◆ TRY IT:
Images are not part of the copy; write out the rest of the data exactly as given.

◆ SUPPLIED INFORMATION:

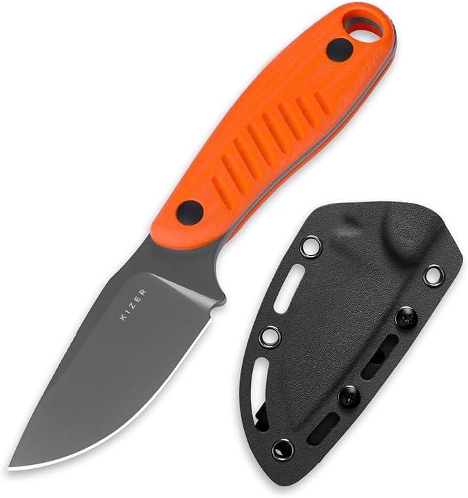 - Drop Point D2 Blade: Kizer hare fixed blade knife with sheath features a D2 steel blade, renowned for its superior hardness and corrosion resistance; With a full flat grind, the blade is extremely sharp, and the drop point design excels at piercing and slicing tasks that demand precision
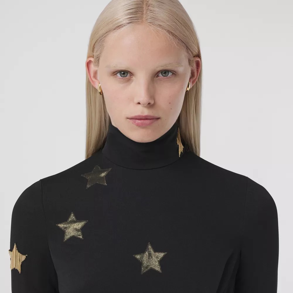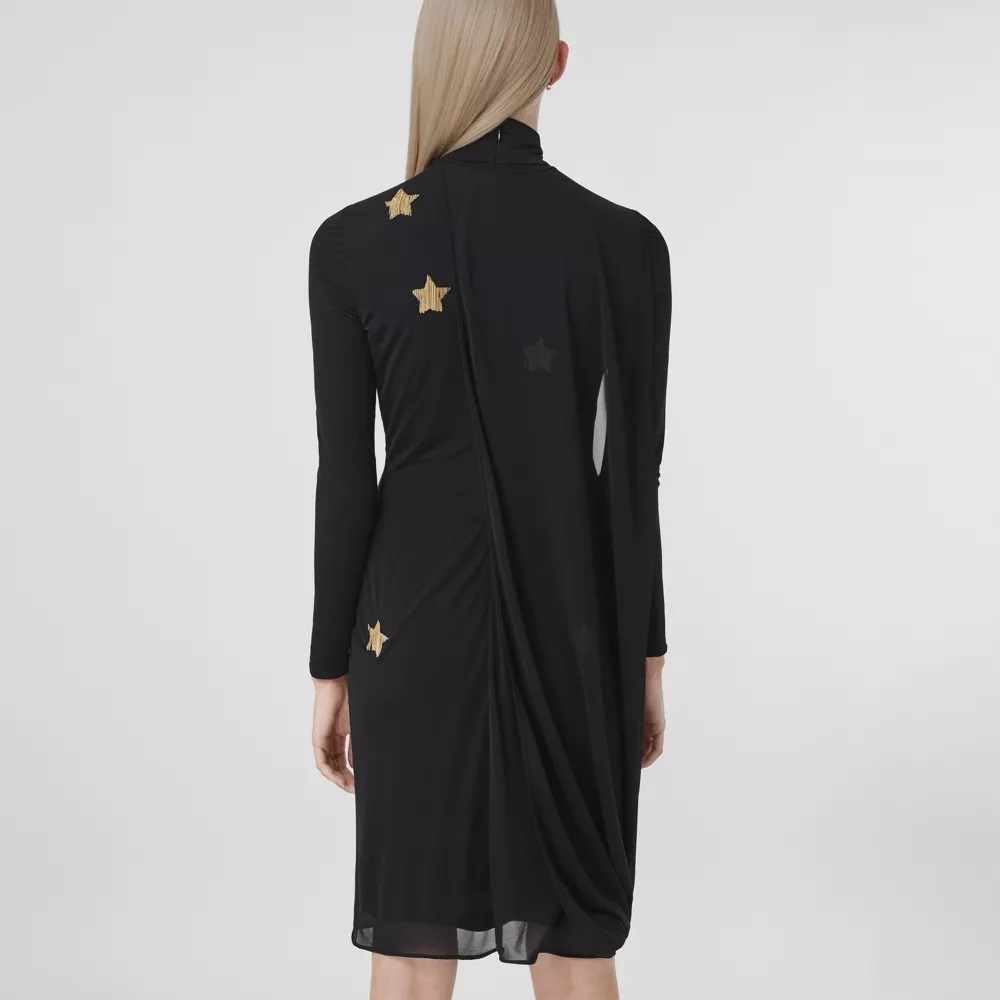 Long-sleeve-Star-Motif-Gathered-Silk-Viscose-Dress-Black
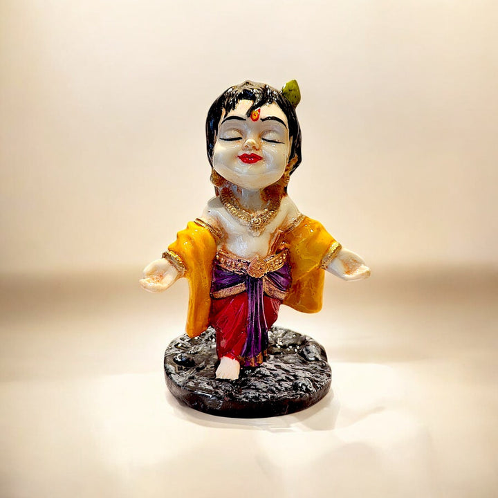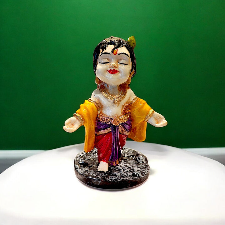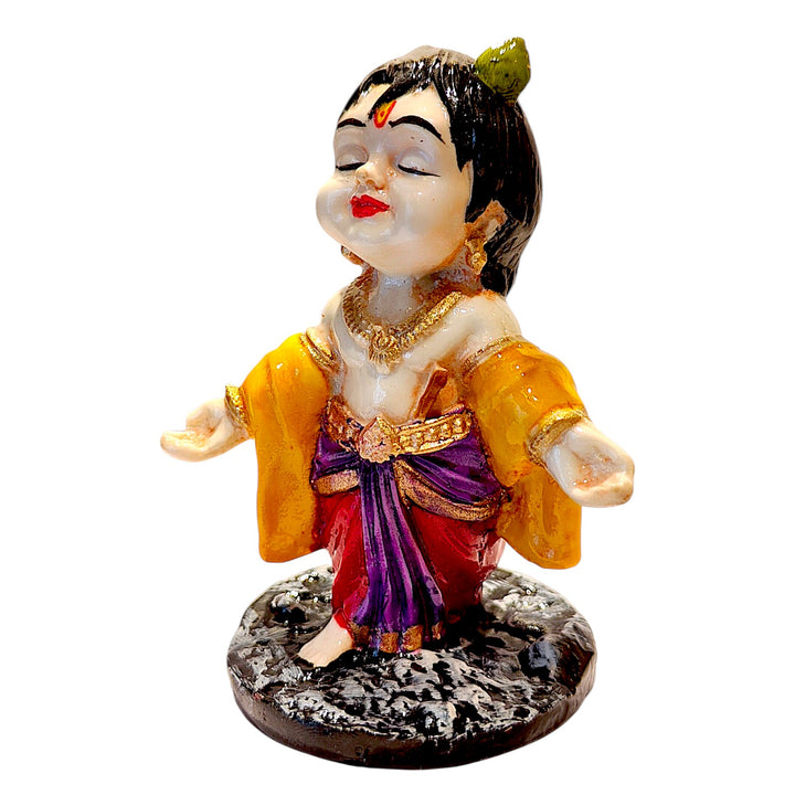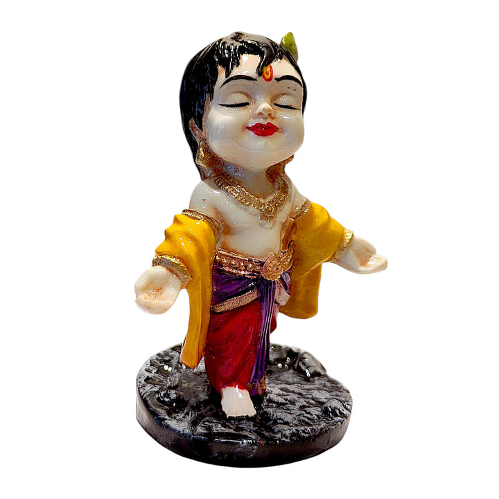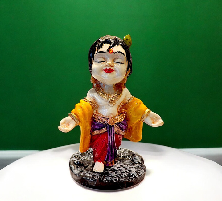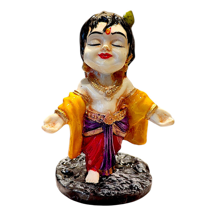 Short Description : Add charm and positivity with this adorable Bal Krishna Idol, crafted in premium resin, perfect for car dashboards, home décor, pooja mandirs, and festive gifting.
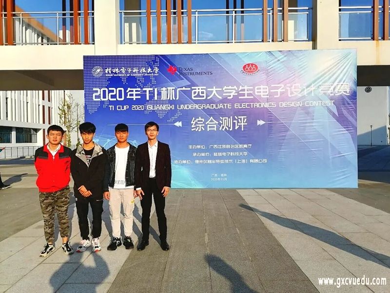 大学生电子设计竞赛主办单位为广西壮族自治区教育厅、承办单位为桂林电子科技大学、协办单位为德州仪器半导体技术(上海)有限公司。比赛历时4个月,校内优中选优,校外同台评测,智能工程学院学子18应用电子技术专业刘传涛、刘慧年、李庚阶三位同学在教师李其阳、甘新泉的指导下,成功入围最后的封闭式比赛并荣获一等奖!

◆ TASK ANSWER:
 - Drop Point D2 Blade: Kizer hare fixed blade knife with sheath features a D2 steel blade, renowned for its superior hardness and corrosion resistance; With a full flat grind, the blade is extremely sharp, and the drop point design excels at piercing and slicing tasks that demand precision
 Long-sleeve-Star-Motif-Gathered-Silk-Viscose-Dress-Black
 Short Description : Add charm and positivity with this adorable Bal Krishna Idol, crafted in premium resin, perfect for car dashboards, home décor, pooja mandirs, and festive gifting.
 大学生电子设计竞赛主办单位为广西壮族自治区教育厅、承办单位为桂林电子科技大学、协办单位为德州仪器半导体技术(上海)有限公司。比赛历时4个月,校内优中选优,校外同台评测,智能工程学院学子18应用电子技术专业刘传涛、刘慧年、李庚阶三位同学在教师李其阳、甘新泉的指导下,成功入围最后的封闭式比赛并荣获一等奖!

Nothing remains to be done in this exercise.